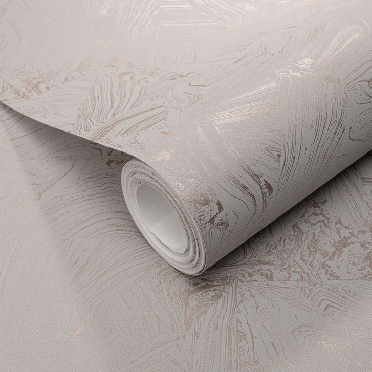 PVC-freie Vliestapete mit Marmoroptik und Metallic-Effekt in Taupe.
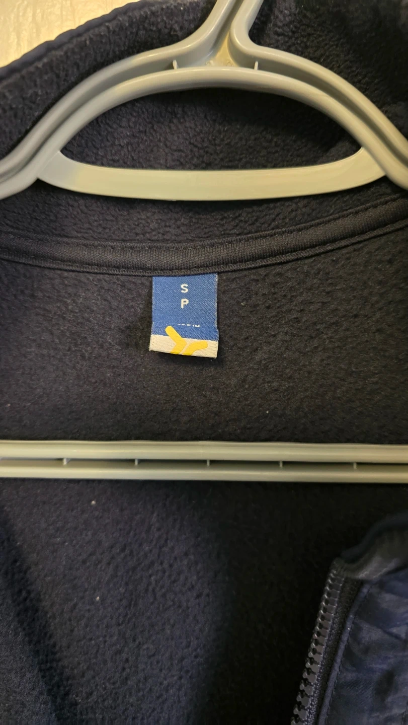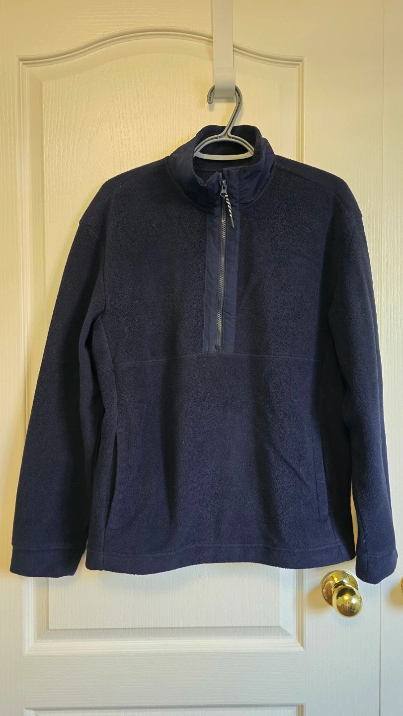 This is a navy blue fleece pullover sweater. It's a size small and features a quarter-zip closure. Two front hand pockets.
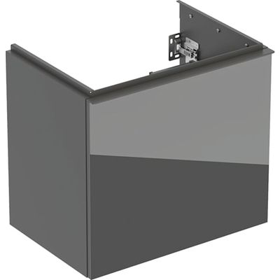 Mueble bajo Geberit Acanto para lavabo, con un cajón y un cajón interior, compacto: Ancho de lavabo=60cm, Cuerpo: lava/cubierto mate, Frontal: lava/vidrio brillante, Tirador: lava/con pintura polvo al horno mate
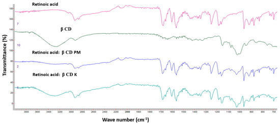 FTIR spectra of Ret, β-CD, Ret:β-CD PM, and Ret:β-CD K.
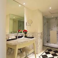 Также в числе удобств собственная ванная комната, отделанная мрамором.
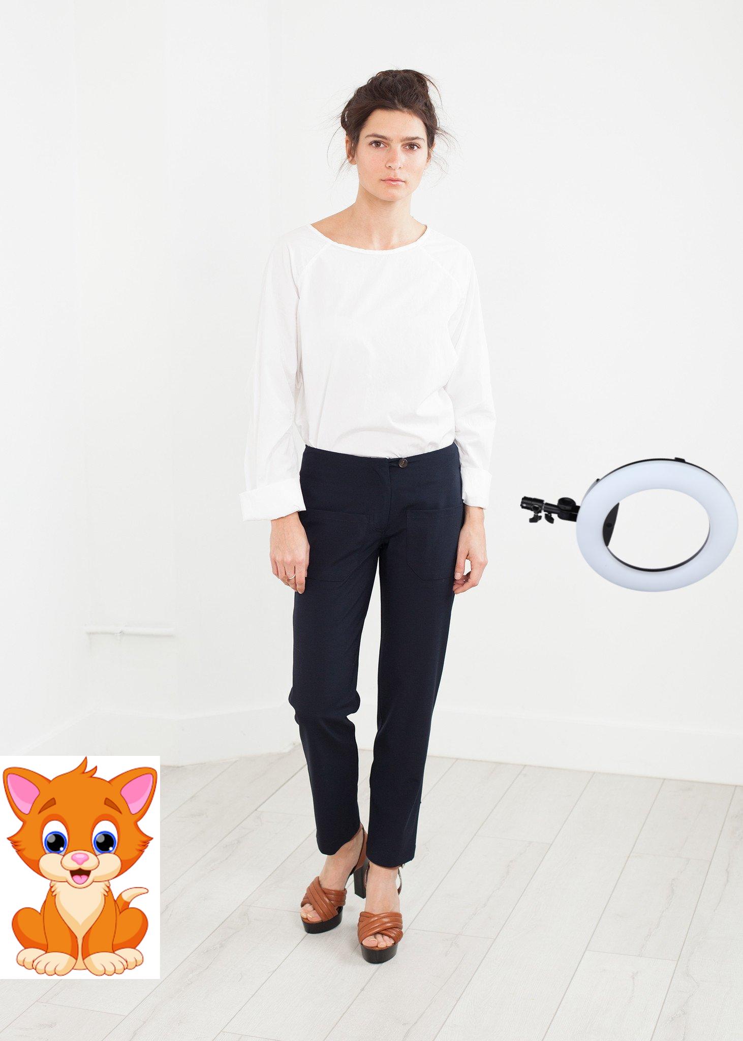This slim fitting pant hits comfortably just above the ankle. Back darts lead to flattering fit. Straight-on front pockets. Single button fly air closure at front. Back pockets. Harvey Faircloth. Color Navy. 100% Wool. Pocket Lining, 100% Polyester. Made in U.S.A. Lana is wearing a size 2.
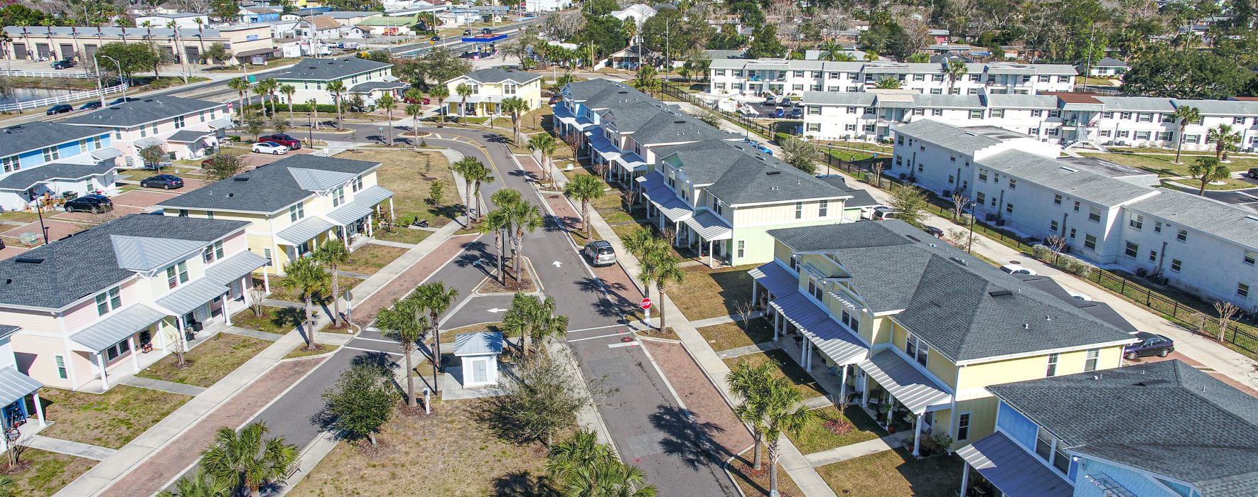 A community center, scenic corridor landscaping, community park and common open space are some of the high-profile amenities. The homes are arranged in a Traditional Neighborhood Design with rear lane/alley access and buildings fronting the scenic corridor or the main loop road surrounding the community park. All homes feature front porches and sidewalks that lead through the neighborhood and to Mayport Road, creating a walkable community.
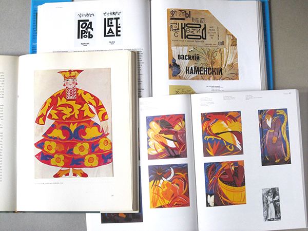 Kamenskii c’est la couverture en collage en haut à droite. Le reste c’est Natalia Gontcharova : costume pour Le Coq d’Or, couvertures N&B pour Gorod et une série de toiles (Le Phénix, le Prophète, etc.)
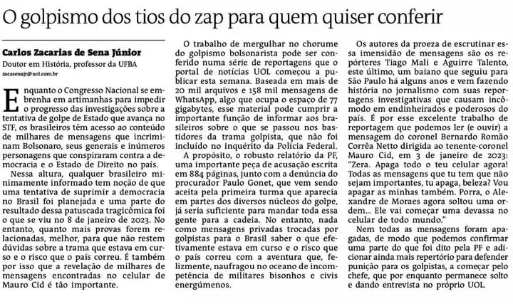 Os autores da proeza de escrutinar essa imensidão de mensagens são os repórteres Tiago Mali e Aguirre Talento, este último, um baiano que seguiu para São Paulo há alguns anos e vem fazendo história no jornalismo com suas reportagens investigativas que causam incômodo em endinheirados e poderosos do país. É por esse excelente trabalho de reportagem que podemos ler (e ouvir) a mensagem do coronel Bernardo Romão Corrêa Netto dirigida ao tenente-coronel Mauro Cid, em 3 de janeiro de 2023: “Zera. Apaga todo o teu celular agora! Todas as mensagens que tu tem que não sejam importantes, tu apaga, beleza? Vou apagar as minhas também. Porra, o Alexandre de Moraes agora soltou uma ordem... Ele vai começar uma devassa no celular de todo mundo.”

» WORK REQUEST
Please retype the listing in full, exactly as given, and skip every image.

» RESULT OF THE TASK
 PVC-freie Vliestapete mit Marmoroptik und Metallic-Effekt in Taupe.
 This is a navy blue fleece pullover sweater. It's a size small and features a quarter-zip closure. Two front hand pockets.
 Mueble bajo Geberit Acanto para lavabo, con un cajón y un cajón interior, compacto: Ancho de lavabo=60cm, Cuerpo: lava/cubierto mate, Frontal: lava/vidrio brillante, Tirador: lava/con pintura polvo al horno mate
 FTIR spectra of Ret, β-CD, Ret:β-CD PM, and Ret:β-CD K.
 Также в числе удобств собственная ванная комната, отделанная мрамором.
This slim fitting pant hits comfortably just above the ankle. Back darts lead to flattering fit. Straight-on front pockets. Single button fly air closure at front. Back pockets. Harvey Faircloth. Color Navy. 100% Wool. Pocket Lining, 100% Polyester. Made in U.S.A. Lana is wearing a size 2.
 A community center, scenic corridor landscaping, community park and common open space are some of the high-profile amenities. The homes are arranged in a Traditional Neighborhood Design with rear lane/alley access and buildings fronting the scenic corridor or the main loop road surrounding the community park. All homes feature front porches and sidewalks that lead through the neighborhood and to Mayport Road, creating a walkable community.
 Kamenskii c’est la couverture en collage en haut à droite. Le reste c’est Natalia Gontcharova : costume pour Le Coq d’Or, couvertures N&B pour Gorod et une série de toiles (Le Phénix, le Prophète, etc.)
 Os autores da proeza de escrutinar essa imensidão de mensagens são os repórteres Tiago Mali e Aguirre Talento, este último, um baiano que seguiu para São Paulo há alguns anos e vem fazendo história no jornalismo com suas reportagens investigativas que causam incômodo em endinheirados e poderosos do país. É por esse excelente trabalho de reportagem que podemos ler (e ouvir) a mensagem do coronel Bernardo Romão Corrêa Netto dirigida ao tenente-coronel Mauro Cid, em 3 de janeiro de 2023: “Zera. Apaga todo o teu celular agora! Todas as mensagens que tu tem que não sejam importantes, tu apaga, beleza? Vou apagar as minhas também. Porra, o Alexandre de Moraes agora soltou uma ordem... Ele vai começar uma devassa no celular de todo mundo.”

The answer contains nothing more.